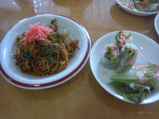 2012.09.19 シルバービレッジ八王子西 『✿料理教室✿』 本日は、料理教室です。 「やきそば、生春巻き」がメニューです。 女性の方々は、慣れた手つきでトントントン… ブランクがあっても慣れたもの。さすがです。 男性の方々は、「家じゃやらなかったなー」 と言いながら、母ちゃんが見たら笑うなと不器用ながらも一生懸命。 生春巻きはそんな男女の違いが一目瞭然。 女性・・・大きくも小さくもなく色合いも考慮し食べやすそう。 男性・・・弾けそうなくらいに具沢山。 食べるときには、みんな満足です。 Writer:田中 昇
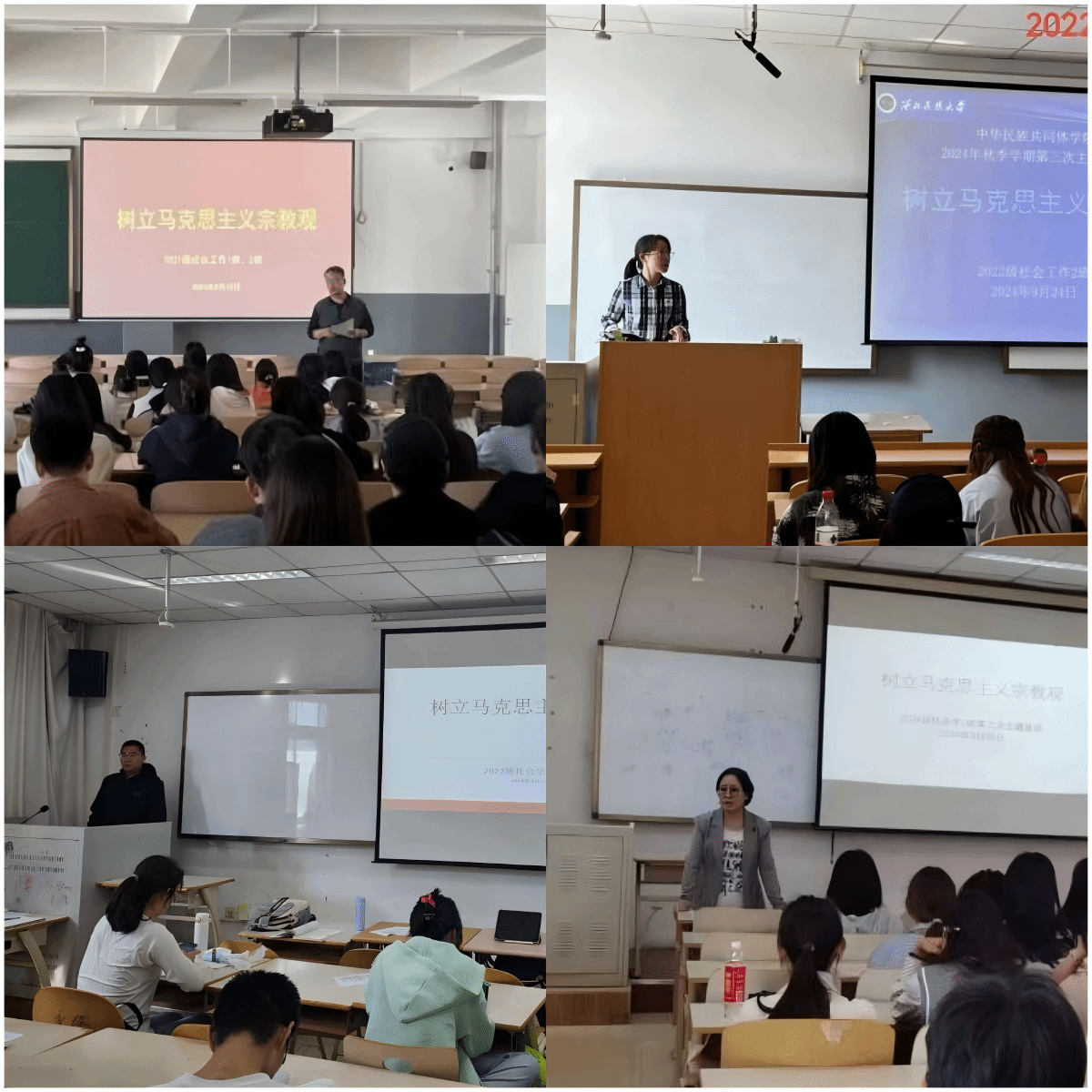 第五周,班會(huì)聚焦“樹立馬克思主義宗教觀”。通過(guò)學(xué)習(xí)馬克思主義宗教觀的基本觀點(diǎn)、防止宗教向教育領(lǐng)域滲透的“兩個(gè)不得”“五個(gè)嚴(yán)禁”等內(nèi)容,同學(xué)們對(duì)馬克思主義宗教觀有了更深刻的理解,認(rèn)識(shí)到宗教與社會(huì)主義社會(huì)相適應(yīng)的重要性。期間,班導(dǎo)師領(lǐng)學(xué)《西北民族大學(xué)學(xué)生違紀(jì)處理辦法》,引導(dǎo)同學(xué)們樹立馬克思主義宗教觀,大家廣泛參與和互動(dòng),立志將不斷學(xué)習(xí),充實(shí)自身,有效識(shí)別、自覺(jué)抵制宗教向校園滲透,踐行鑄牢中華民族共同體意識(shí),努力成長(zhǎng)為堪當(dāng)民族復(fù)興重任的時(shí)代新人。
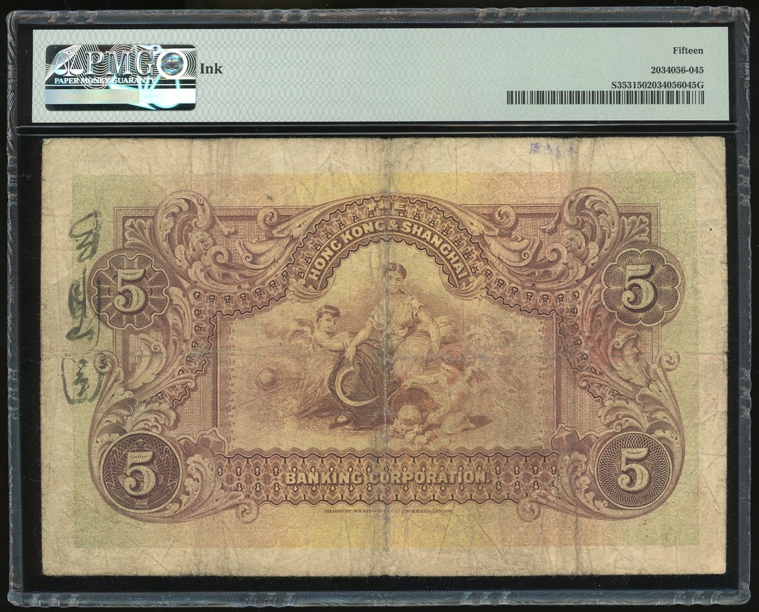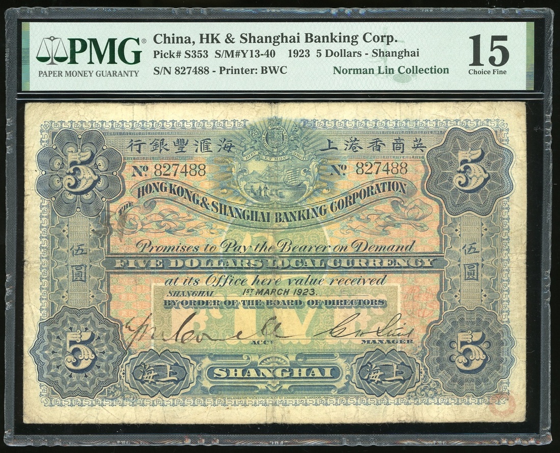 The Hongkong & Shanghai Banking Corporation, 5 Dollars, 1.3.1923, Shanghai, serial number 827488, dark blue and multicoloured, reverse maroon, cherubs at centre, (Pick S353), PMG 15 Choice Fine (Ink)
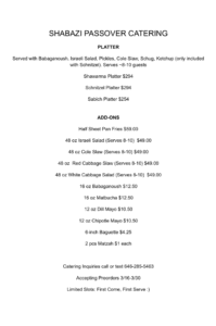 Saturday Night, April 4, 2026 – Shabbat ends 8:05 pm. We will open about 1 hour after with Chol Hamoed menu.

______________________________

Leave out the pictures and repeat the remaining data exactly.

 2012.09.19 シルバービレッジ八王子西 『✿料理教室✿』 本日は、料理教室です。 「やきそば、生春巻き」がメニューです。 女性の方々は、慣れた手つきでトントントン… ブランクがあっても慣れたもの。さすがです。 男性の方々は、「家じゃやらなかったなー」 と言いながら、母ちゃんが見たら笑うなと不器用ながらも一生懸命。 生春巻きはそんな男女の違いが一目瞭然。 女性・・・大きくも小さくもなく色合いも考慮し食べやすそう。 男性・・・弾けそうなくらいに具沢山。 食べるときには、みんな満足です。 Writer:田中 昇
 第五周,班會(huì)聚焦“樹立馬克思主義宗教觀”。通過(guò)學(xué)習(xí)馬克思主義宗教觀的基本觀點(diǎn)、防止宗教向教育領(lǐng)域滲透的“兩個(gè)不得”“五個(gè)嚴(yán)禁”等內(nèi)容,同學(xué)們對(duì)馬克思主義宗教觀有了更深刻的理解,認(rèn)識(shí)到宗教與社會(huì)主義社會(huì)相適應(yīng)的重要性。期間,班導(dǎo)師領(lǐng)學(xué)《西北民族大學(xué)學(xué)生違紀(jì)處理辦法》,引導(dǎo)同學(xué)們樹立馬克思主義宗教觀,大家廣泛參與和互動(dòng),立志將不斷學(xué)習(xí),充實(shí)自身,有效識(shí)別、自覺(jué)抵制宗教向校園滲透,踐行鑄牢中華民族共同體意識(shí),努力成長(zhǎng)為堪當(dāng)民族復(fù)興重任的時(shí)代新人。
 The Hongkong & Shanghai Banking Corporation, 5 Dollars, 1.3.1923, Shanghai, serial number 827488, dark blue and multicoloured, reverse maroon, cherubs at centre, (Pick S353), PMG 15 Choice Fine (Ink)
 Saturday Night, April 4, 2026 – Shabbat ends 8:05 pm. We will open about 1 hour after with Chol Hamoed menu.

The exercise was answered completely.